_Activity_: Leave the pictures out. Return the rest of the listing below exactly.

_Given material_:
▼

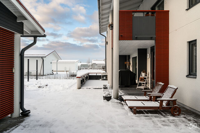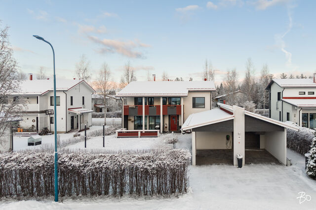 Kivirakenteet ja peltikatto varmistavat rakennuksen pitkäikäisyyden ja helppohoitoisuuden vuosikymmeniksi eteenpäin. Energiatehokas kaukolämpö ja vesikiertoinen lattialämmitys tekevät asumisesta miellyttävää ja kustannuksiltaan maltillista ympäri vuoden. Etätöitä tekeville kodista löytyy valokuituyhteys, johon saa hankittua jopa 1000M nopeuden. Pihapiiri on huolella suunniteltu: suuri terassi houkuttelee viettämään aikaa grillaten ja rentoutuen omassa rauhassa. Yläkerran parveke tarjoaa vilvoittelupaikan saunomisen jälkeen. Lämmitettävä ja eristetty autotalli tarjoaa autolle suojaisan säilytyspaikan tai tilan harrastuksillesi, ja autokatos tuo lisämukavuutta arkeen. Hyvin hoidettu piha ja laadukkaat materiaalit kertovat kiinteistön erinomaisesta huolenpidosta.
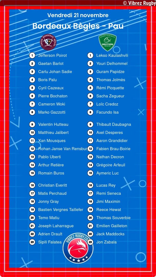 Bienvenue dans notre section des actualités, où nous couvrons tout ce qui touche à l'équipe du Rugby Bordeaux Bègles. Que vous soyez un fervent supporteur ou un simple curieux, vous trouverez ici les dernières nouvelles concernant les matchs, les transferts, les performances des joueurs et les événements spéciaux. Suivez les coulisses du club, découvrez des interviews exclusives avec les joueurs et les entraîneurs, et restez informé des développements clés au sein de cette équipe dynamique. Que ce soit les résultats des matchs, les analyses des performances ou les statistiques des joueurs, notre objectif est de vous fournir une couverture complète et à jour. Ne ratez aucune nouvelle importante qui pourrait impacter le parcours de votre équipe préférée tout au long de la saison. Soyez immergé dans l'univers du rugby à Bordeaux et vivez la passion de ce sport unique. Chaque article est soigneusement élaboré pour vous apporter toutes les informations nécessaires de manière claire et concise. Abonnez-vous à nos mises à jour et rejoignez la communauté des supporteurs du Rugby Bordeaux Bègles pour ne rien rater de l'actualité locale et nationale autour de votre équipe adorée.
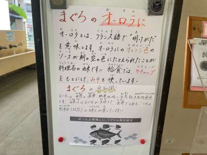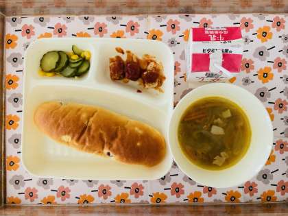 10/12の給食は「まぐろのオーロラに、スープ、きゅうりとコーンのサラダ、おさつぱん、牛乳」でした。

▲

_Written solution_:
 Kivirakenteet ja peltikatto varmistavat rakennuksen pitkäikäisyyden ja helppohoitoisuuden vuosikymmeniksi eteenpäin. Energiatehokas kaukolämpö ja vesikiertoinen lattialämmitys tekevät asumisesta miellyttävää ja kustannuksiltaan maltillista ympäri vuoden. Etätöitä tekeville kodista löytyy valokuituyhteys, johon saa hankittua jopa 1000M nopeuden. Pihapiiri on huolella suunniteltu: suuri terassi houkuttelee viettämään aikaa grillaten ja rentoutuen omassa rauhassa. Yläkerran parveke tarjoaa vilvoittelupaikan saunomisen jälkeen. Lämmitettävä ja eristetty autotalli tarjoaa autolle suojaisan säilytyspaikan tai tilan harrastuksillesi, ja autokatos tuo lisämukavuutta arkeen. Hyvin hoidettu piha ja laadukkaat materiaalit kertovat kiinteistön erinomaisesta huolenpidosta.
 Bienvenue dans notre section des actualités, où nous couvrons tout ce qui touche à l'équipe du Rugby Bordeaux Bègles. Que vous soyez un fervent supporteur ou un simple curieux, vous trouverez ici les dernières nouvelles concernant les matchs, les transferts, les performances des joueurs et les événements spéciaux. Suivez les coulisses du club, découvrez des interviews exclusives avec les joueurs et les entraîneurs, et restez informé des développements clés au sein de cette équipe dynamique. Que ce soit les résultats des matchs, les analyses des performances ou les statistiques des joueurs, notre objectif est de vous fournir une couverture complète et à jour. Ne ratez aucune nouvelle importante qui pourrait impacter le parcours de votre équipe préférée tout au long de la saison. Soyez immergé dans l'univers du rugby à Bordeaux et vivez la passion de ce sport unique. Chaque article est soigneusement élaboré pour vous apporter toutes les informations nécessaires de manière claire et concise. Abonnez-vous à nos mises à jour et rejoignez la communauté des supporteurs du Rugby Bordeaux Bègles pour ne rien rater de l'actualité locale et nationale autour de votre équipe adorée.
 10/12の給食は「まぐろのオーロラに、スープ、きゅうりとコーンのサラダ、おさつぱん、牛乳」でした。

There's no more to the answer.